# REQUIRED WORK
Copy the final lines exactly, starting at the one that contains "7.0.3 Buy Hutton" and ending with the last line of the listing below. Pictures are not part of the copy.

# DATA TO PROCESS
--------------------

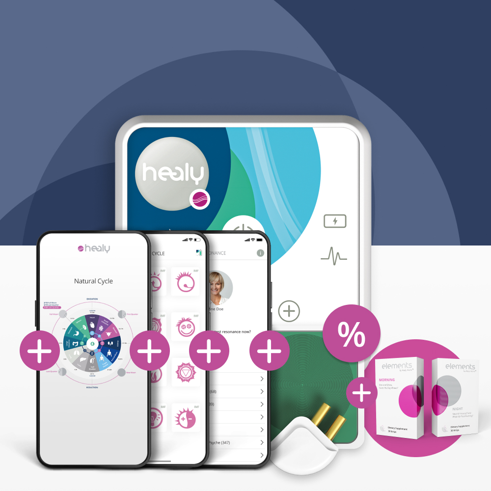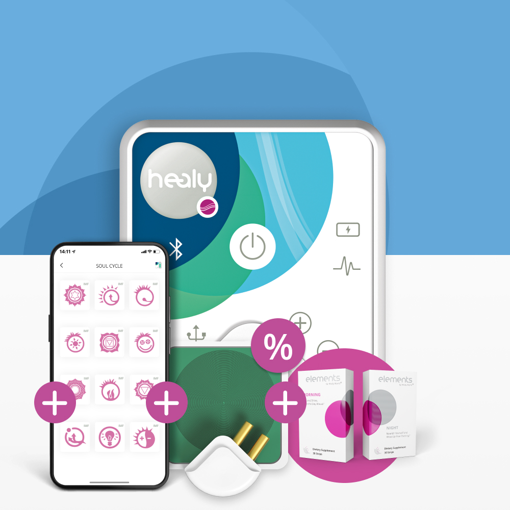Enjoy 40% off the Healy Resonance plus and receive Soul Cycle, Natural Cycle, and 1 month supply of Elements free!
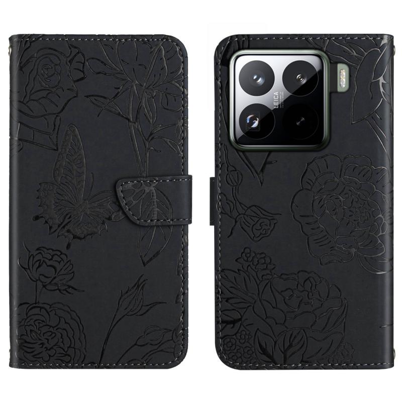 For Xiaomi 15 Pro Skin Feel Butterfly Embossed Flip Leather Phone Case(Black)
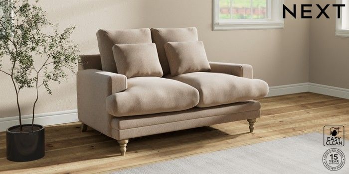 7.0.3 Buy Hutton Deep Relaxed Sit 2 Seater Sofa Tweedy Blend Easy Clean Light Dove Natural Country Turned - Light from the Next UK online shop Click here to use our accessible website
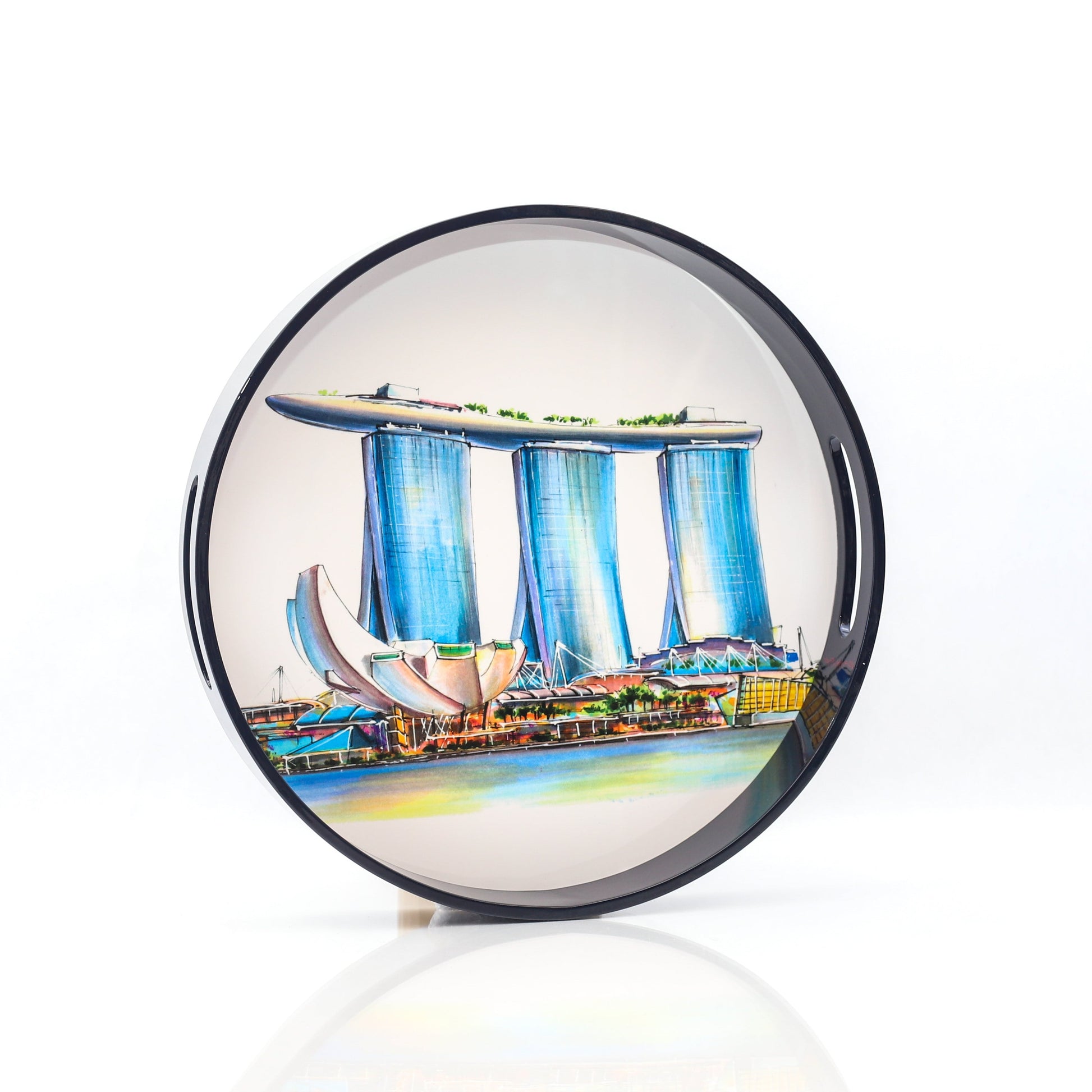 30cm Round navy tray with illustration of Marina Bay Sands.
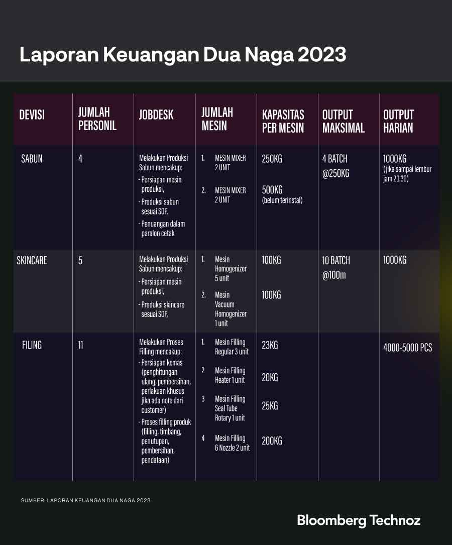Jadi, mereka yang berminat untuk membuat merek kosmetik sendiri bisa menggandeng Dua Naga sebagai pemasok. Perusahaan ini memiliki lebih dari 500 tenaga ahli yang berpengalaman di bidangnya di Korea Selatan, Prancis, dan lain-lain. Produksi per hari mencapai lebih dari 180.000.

--------------------

# RESULT OF THIS EXERCISE
 7.0.3 Buy Hutton Deep Relaxed Sit 2 Seater Sofa Tweedy Blend Easy Clean Light Dove Natural Country Turned - Light from the Next UK online shop Click here to use our accessible website
 30cm Round navy tray with illustration of Marina Bay Sands.
Jadi, mereka yang berminat untuk membuat merek kosmetik sendiri bisa menggandeng Dua Naga sebagai pemasok. Perusahaan ini memiliki lebih dari 500 tenaga ahli yang berpengalaman di bidangnya di Korea Selatan, Prancis, dan lain-lain. Produksi per hari mencapai lebih dari 180.000.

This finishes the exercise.